(Required work)
Exactly and only the lines from the first entry through the line with "2. In reverse" should be copied, both ends included, with no pictures.

(Data shown)

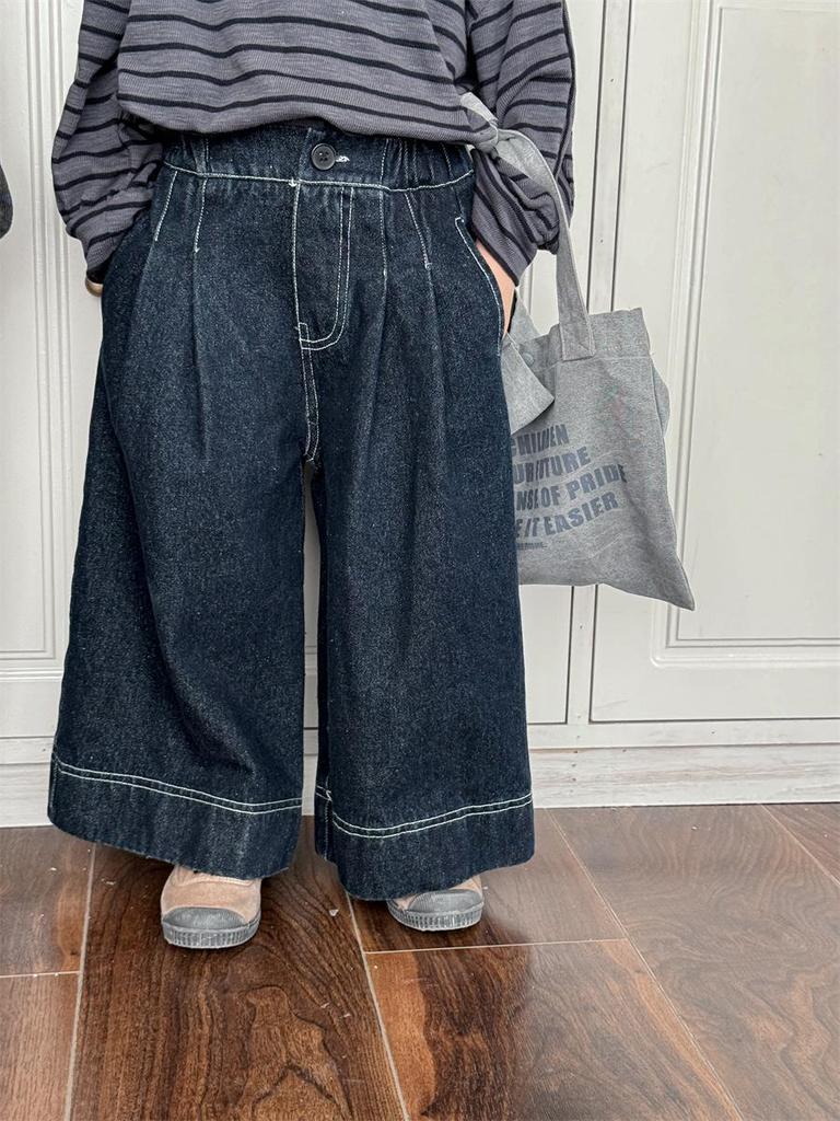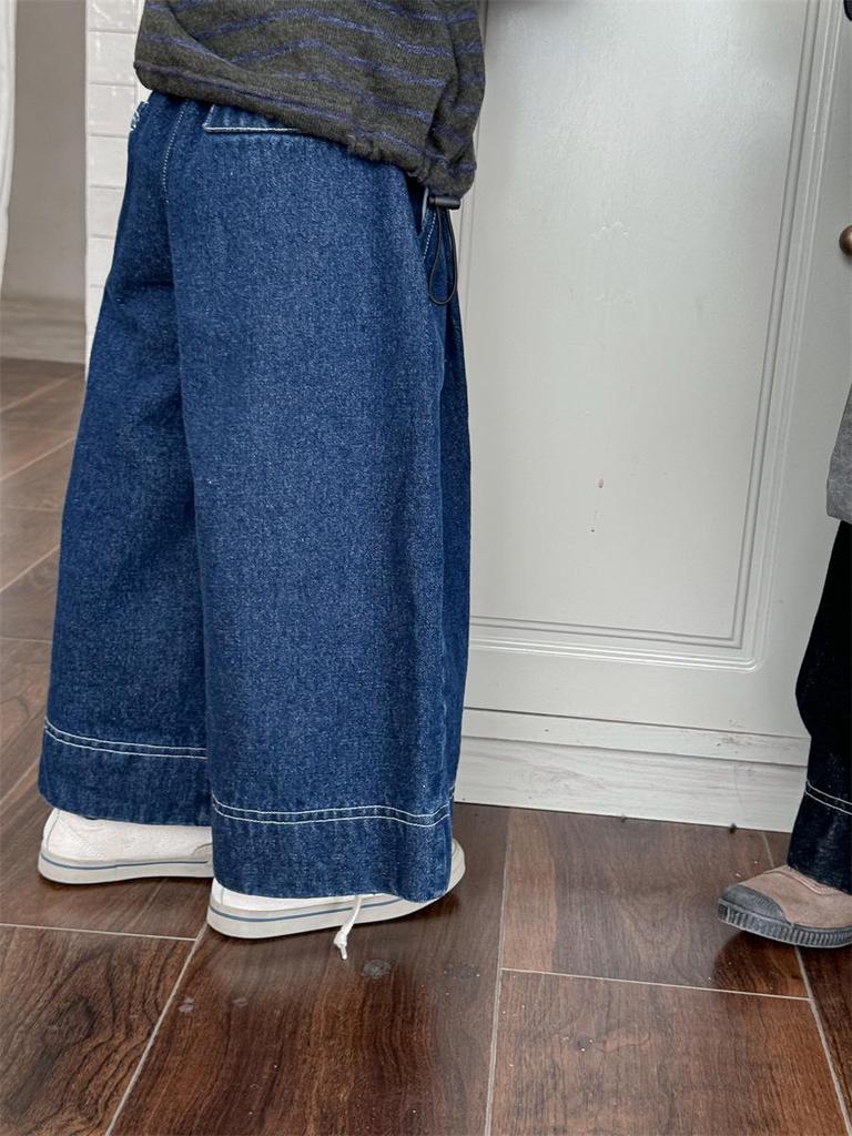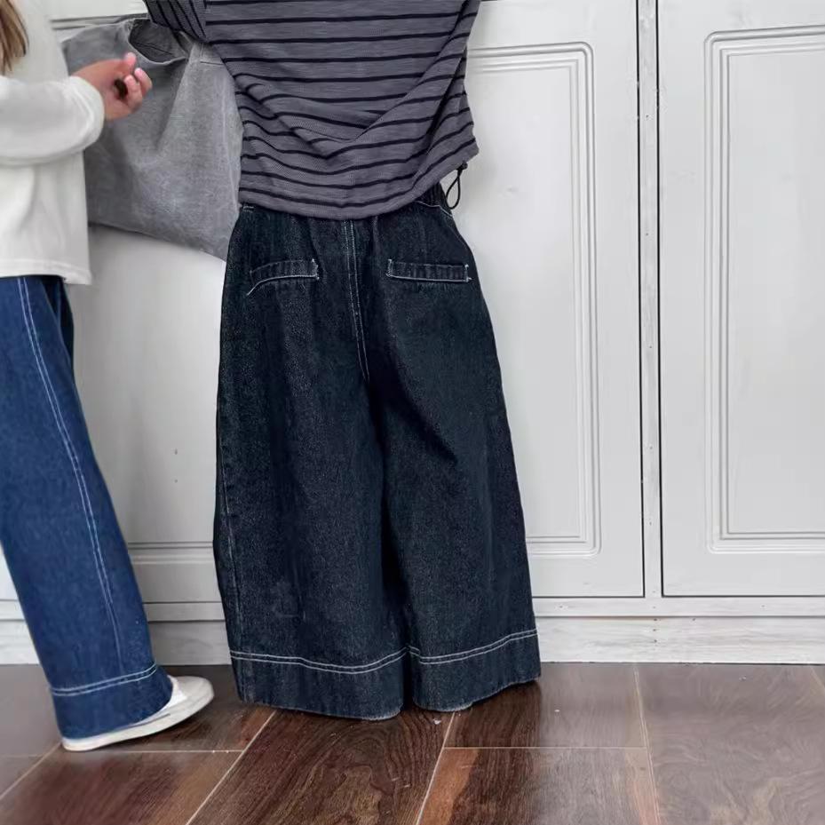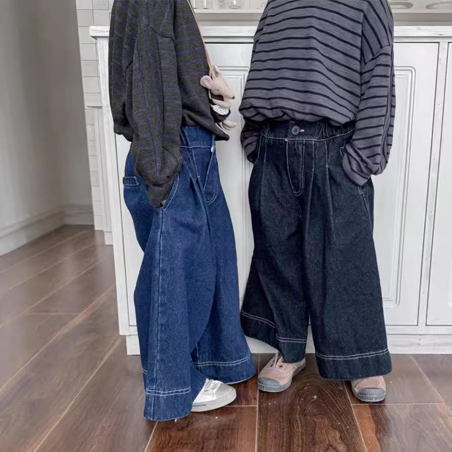 Джинсы детские осенние однотонные Jiaye Tongpin 2025 - Унисекс, свободные, прямого кроя, с широкими штанинами
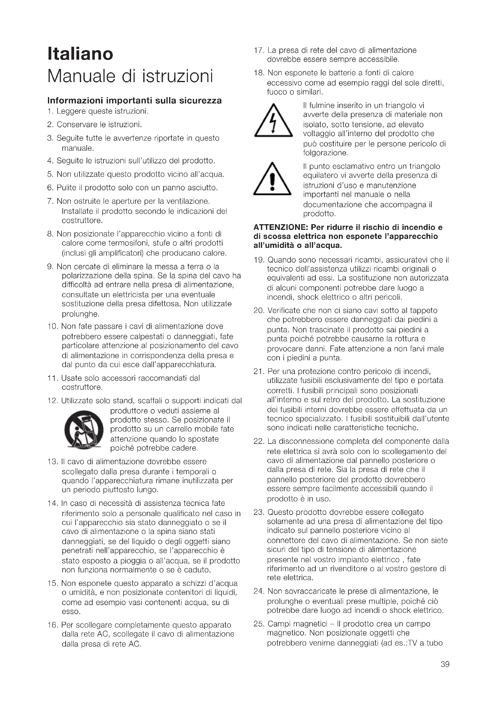 7575 CTSWxx SA1000 Inside 13/1/09 9:45 Page 38Italiano Manuale di istruzioni Informazioni importanti sulla sicurezza
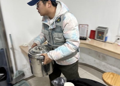 梨湯熬好后, 裝入保溫桶,送達目的地。
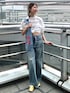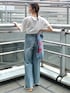 【カジュアルになりすぎないTee×デニムコーデ👖】 Tee×デニムの「夏の王道カジュアルコーデ」って可愛いけど私が合わせると「ちょっとそこまでコーデ」になってしまうのが長年の悩みでした🥺 ゆるっとずるっと合わせると私にはカジュアルすぎてしまうのでTシャツの裾を結んで肌見せすることですっきり女性らしく❣袖も折り返すと◎ 足元はスクエアトゥーのパンプスでラフだけど品がある印象に仕上げました☺️ デニムはずるっと履きたかったので161㎝25inch着用です💭
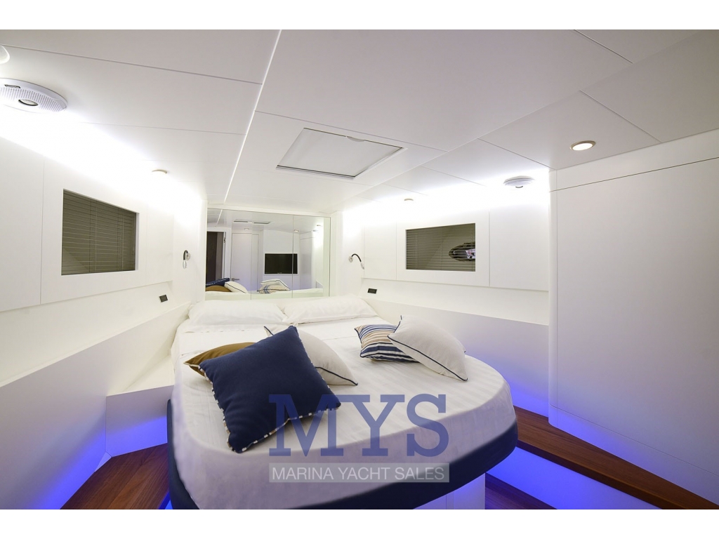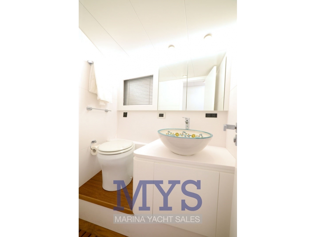 Cabina di prua con letto matrimoniale a pensila e bagno privato con doccia
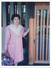 盆梅・皿鉢料理と一緒に写っている筆者(1991年3月)
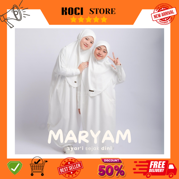 Dthree - Abaya Anak Maryam Series ( Putih ) Gamis Anak Perempuan putih / Gamis Anak Syar'i Set Dress Lebaran 2026
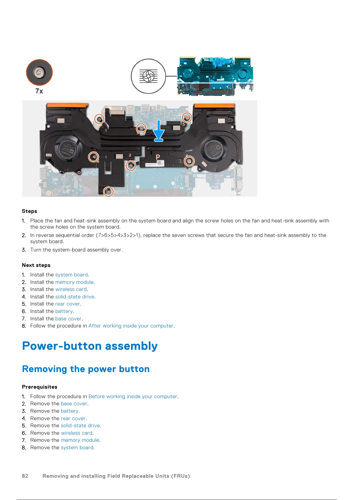 2. In reverse sequential order (7>6>5>4>3>2>1), replace the seven screws that secure the fan and heat-sink assembly to the
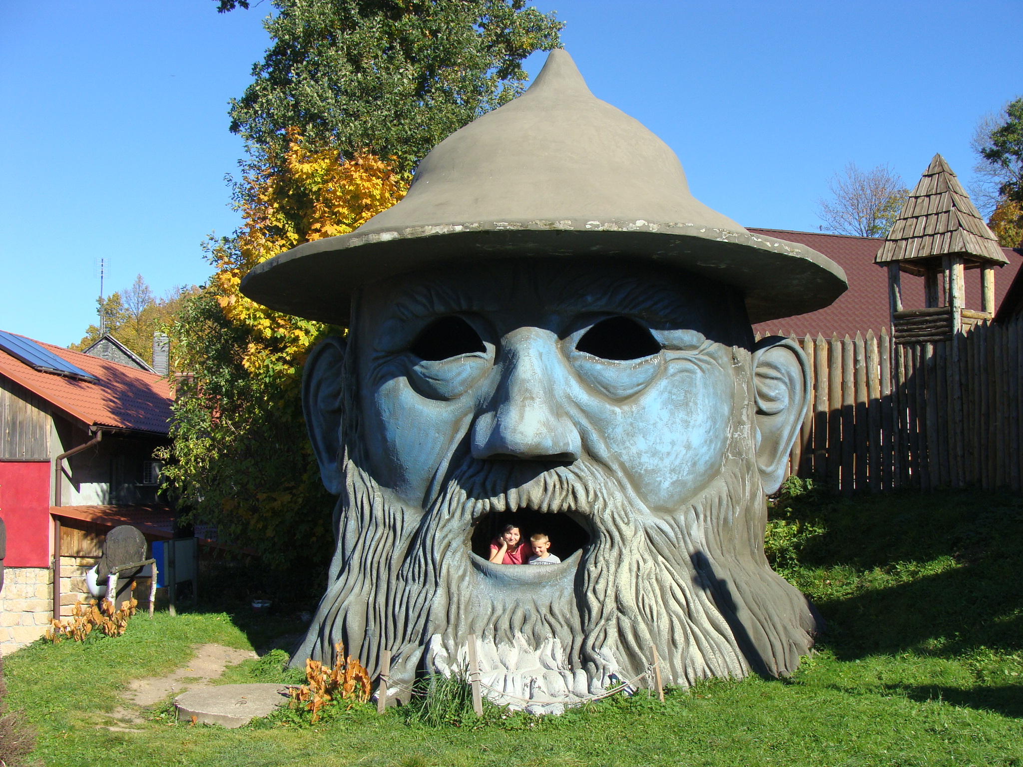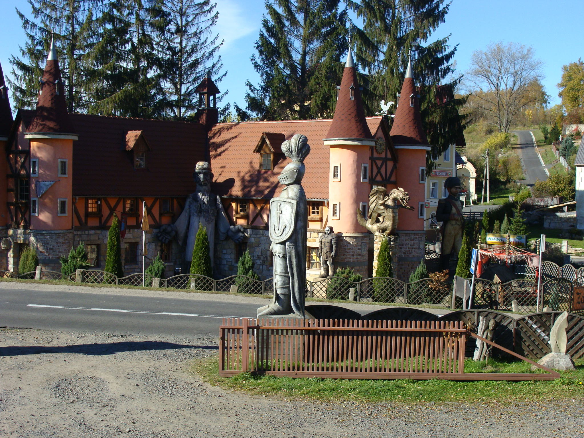 Dariusza Milińskiego- człowieka, który tworzy w Pławnej Zamek Śląskich Legend spotkać można latem nad naszym jeziorem Głębokie. U nas też tworzy. A tam stworzył bajkowe miejsce. Warto zobaczyć z dziećmi i w środku i na zewnątrz. Bo w środku kukiełki i wystawa bajkowych obrazów pana Milińskiego, a na zewnątrz różne bajkowe figury wielkości na tyle odpowiedniej, że można wejść do środka. Rewelacyjna przerwa w drodze powrotnej w góry.

(Your solution)
 Джинсы детские осенние однотонные Jiaye Tongpin 2025 - Унисекс, свободные, прямого кроя, с широкими штанинами
 7575 CTSWxx SA1000 Inside 13/1/09 9:45 Page 38Italiano Manuale di istruzioni Informazioni importanti sulla sicurezza
 梨湯熬好后, 裝入保溫桶,送達目的地。
 【カジュアルになりすぎないTee×デニムコーデ👖】 Tee×デニムの「夏の王道カジュアルコーデ」って可愛いけど私が合わせると「ちょっとそこまでコーデ」になってしまうのが長年の悩みでした🥺 ゆるっとずるっと合わせると私にはカジュアルすぎてしまうのでTシャツの裾を結んで肌見せすることですっきり女性らしく❣袖も折り返すと◎ 足元はスクエアトゥーのパンプスでラフだけど品がある印象に仕上げました☺️ デニムはずるっと履きたかったので161㎝25inch着用です💭
 Cabina di prua con letto matrimoniale a pensila e bagno privato con doccia
 盆梅・皿鉢料理と一緒に写っている筆者(1991年3月)
 Dthree - Abaya Anak Maryam Series ( Putih ) Gamis Anak Perempuan putih / Gamis Anak Syar'i Set Dress Lebaran 2026
 2. In reverse sequential order (7>6>5>4>3>2>1), replace the seven screws that secure the fan and heat-sink assembly to the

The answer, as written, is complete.